Segment Start: INPUT DATA

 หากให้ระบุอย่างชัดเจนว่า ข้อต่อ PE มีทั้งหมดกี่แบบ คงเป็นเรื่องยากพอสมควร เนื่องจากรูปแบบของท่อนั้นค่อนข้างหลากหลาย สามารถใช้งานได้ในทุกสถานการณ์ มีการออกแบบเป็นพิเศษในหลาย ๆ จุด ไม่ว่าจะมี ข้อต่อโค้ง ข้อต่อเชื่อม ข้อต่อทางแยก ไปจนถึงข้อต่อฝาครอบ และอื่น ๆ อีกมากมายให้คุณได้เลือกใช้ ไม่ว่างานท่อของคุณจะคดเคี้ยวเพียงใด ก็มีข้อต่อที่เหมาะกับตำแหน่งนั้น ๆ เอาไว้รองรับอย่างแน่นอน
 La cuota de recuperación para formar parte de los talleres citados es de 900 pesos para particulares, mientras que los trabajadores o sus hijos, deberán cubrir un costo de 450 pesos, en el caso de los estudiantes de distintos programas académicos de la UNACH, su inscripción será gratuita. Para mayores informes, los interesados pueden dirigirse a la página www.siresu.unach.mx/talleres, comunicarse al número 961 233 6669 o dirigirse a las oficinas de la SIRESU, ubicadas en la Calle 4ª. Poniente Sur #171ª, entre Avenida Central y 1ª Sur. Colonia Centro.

Segment End: INPUT DATA
Segment Start: INPUT DATA

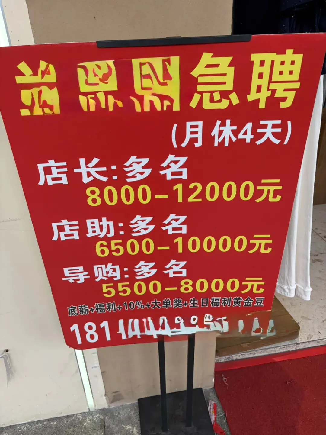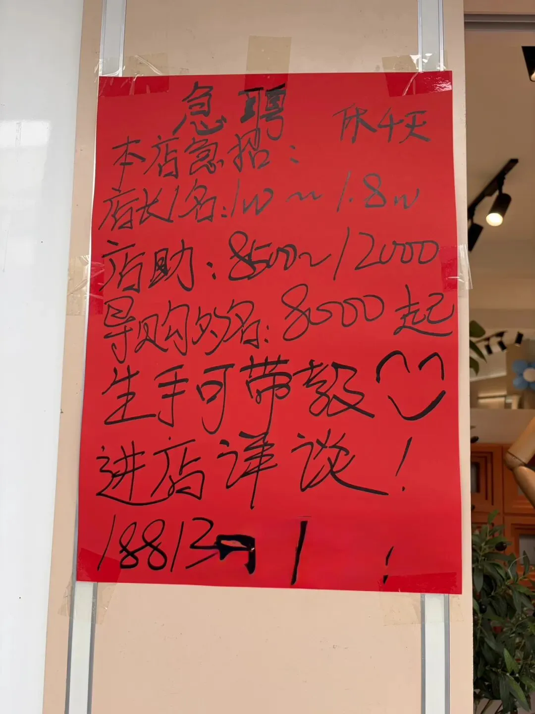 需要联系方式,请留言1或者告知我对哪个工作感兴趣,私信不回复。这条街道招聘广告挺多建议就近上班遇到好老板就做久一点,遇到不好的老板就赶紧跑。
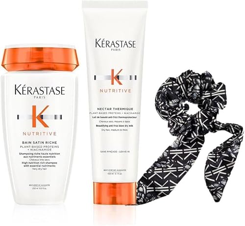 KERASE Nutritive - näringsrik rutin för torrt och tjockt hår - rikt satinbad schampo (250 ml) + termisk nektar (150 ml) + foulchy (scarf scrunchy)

Segment End: INPUT DATA
Segment Start: INPUT DATA

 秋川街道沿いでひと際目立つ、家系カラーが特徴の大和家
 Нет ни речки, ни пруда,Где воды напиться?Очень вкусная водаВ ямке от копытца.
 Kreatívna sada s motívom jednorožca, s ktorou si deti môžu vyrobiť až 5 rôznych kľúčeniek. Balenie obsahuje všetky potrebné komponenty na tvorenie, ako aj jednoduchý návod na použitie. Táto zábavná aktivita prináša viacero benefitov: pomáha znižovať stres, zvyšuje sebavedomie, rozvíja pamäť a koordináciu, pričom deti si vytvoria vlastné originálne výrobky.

Segment End: INPUT DATA

PROBLEM DESCRIPTION:
Only one stretch of the records above is wanted: the lines between the one holding "หากให้ระบุอย่างชัดเจนว่า ข้อต่อ PE" and the one holding "La cuota de", inclusive, reproduced exactly.

WRITTEN SOLUTION:
 หากให้ระบุอย่างชัดเจนว่า ข้อต่อ PE มีทั้งหมดกี่แบบ คงเป็นเรื่องยากพอสมควร เนื่องจากรูปแบบของท่อนั้นค่อนข้างหลากหลาย สามารถใช้งานได้ในทุกสถานการณ์ มีการออกแบบเป็นพิเศษในหลาย ๆ จุด ไม่ว่าจะมี ข้อต่อโค้ง ข้อต่อเชื่อม ข้อต่อทางแยก ไปจนถึงข้อต่อฝาครอบ และอื่น ๆ อีกมากมายให้คุณได้เลือกใช้ ไม่ว่างานท่อของคุณจะคดเคี้ยวเพียงใด ก็มีข้อต่อที่เหมาะกับตำแหน่งนั้น ๆ เอาไว้รองรับอย่างแน่นอน
 La cuota de recuperación para formar parte de los talleres citados es de 900 pesos para particulares, mientras que los trabajadores o sus hijos, deberán cubrir un costo de 450 pesos, en el caso de los estudiantes de distintos programas académicos de la UNACH, su inscripción será gratuita. Para mayores informes, los interesados pueden dirigirse a la página www.siresu.unach.mx/talleres, comunicarse al número 961 233 6669 o dirigirse a las oficinas de la SIRESU, ubicadas en la Calle 4ª. Poniente Sur #171ª, entre Avenida Central y 1ª Sur. Colonia Centro.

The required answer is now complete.